• sherrydewalt

Strawberry Sampler

When strawberries are in season make sure to get your fill. Here are several ways to enjoy them whether they are perfectly fresh, not so perfect, or frozen.


Here are the recipes:


Roasted Strawberries

  • 1 lb. strawberries

  • 2 Tablespoons maple syrup

  • 1 teaspoon vanilla


Preheat oven to 350 degrees and line a baking sheet with parchment paper. Wash and dry strawberries and remove their stems. Cut berries into large chunks, keeping pieces approximately the same size. Small berries may be left whole.

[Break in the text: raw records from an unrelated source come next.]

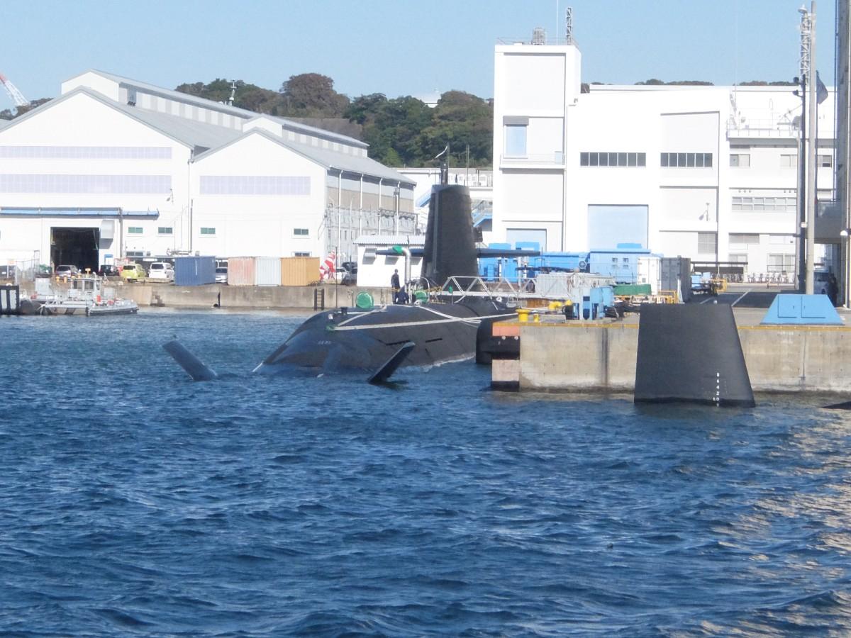 まずは横須賀本港を出発。一番近くにあるのが潜水艦ですが、艦名は分からず。艦尾からして「ずいりゅう」か「こくりゅう」の何れかかと。
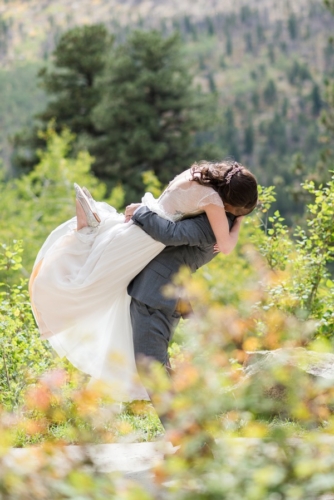 “Now, it is no secret that here at From the Hip Photo we love a good fall wedding. We are always on board with a lush and wooded backdrop! Jennifer’s dress was woven with delicate lace and complimented Dustin’s grey tuxedo and blue tie perfectly. This couple proved to be the perfect newlyweds as they posed and frolicked through the forest. We were so impressed as Dustin adapted to the role of loving husband right before our eyes. He picked Jennifer up and twirled her around, even giving her a piggyback ride at one point – the love was evident!
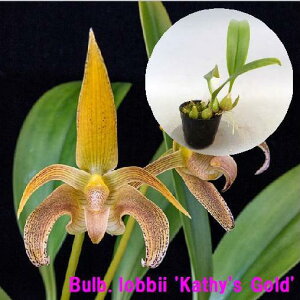 バルボフィラム属 ロビー’ キャシーズ ゴールド’ 原産国:タイ、マレー、スマトラ、ボルネオなどに原生する着生種。 花の幅7cm内外、1花茎に1花を着ける。 微風でもリップが揺れ昆虫を誘う、別名「ユリカゴン」。 この個体はアメリカ蘭

Add maple syrup and vanilla to bottom of a bowl and whisk to combine. Add the strawberries to the bowl and stir them gently to coat them with the syrup mixture. Spread the berries on the parchment paper in a single layer. Give them some space. Roast them for about 30 minutes. Remove from oven, give them a stir and return to oven for 10-15 minutes. Use warm as a topping for strawberry shortcake, pancakes, or waffles or refrigerate and stir into yogurt, etc.


Strawberry Vinaigrette


1 heaping cup fresh or frozen strawberries

1/4 cup water

1/4 cup balsamic vinegar

1/4 cup olive oil

1/2 teaspoon garlic powder

Dash or two of salt

Pinch of black pepper


Add all ingredients to a blender and blend until smooth.

Nutrition info per serving (3 Tablespoons): 73 calories, 3g carbohydrate, 7g fat.